WHAT YOU HAVE TO DO » Could you retype exactly the lines below between the one holding "Una vez cocido, apagad" and the one holding "De acordo com", inclusive, leaving out any pictures?

SUPPLIED INFORMATION »
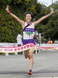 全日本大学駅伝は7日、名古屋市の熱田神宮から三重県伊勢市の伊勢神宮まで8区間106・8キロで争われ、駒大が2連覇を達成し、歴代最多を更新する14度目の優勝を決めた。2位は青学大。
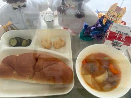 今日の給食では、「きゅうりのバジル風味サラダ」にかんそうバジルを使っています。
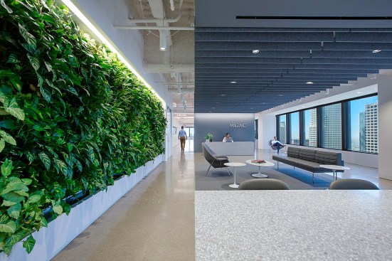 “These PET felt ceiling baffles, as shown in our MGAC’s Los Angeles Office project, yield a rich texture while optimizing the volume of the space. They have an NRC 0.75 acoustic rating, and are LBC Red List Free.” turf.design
...
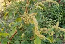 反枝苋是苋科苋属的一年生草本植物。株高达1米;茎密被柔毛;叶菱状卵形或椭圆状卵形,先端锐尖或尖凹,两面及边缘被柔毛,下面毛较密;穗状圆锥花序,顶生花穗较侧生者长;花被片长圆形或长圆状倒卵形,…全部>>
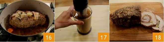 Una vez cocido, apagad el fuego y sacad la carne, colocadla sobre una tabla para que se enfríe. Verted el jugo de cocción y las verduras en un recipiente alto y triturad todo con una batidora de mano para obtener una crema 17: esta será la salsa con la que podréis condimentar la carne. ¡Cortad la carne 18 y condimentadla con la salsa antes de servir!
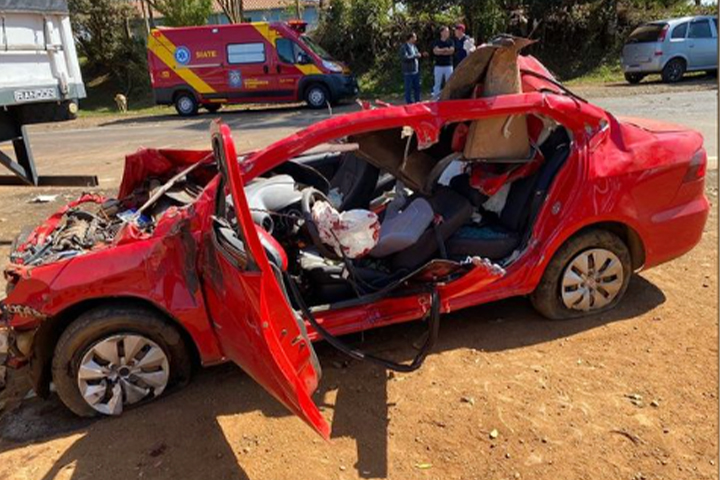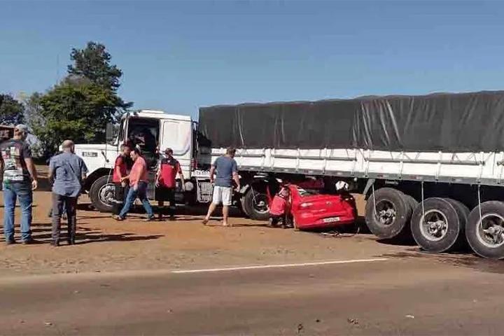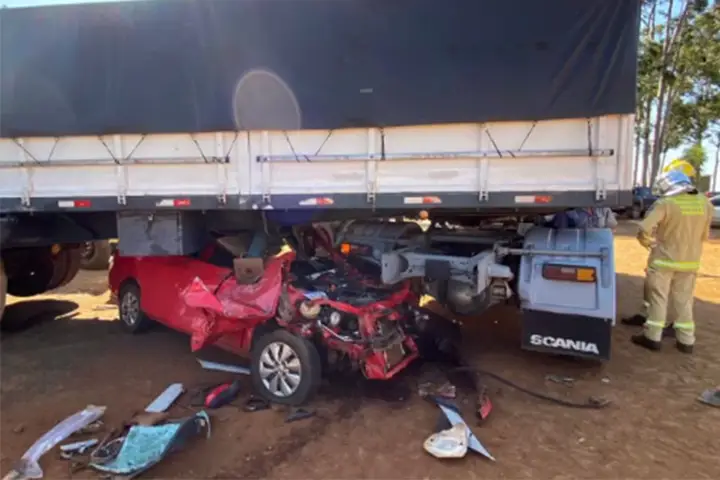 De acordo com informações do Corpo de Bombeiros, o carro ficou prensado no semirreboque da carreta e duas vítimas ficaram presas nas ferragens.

EXPECTED ANSWER »
 Una vez cocido, apagad el fuego y sacad la carne, colocadla sobre una tabla para que se enfríe. Verted el jugo de cocción y las verduras en un recipiente alto y triturad todo con una batidora de mano para obtener una crema 17: esta será la salsa con la que podréis condimentar la carne. ¡Cortad la carne 18 y condimentadla con la salsa antes de servir!
 De acordo com informações do Corpo de Bombeiros, o carro ficou prensado no semirreboque da carreta e duas vítimas ficaram presas nas ferragens.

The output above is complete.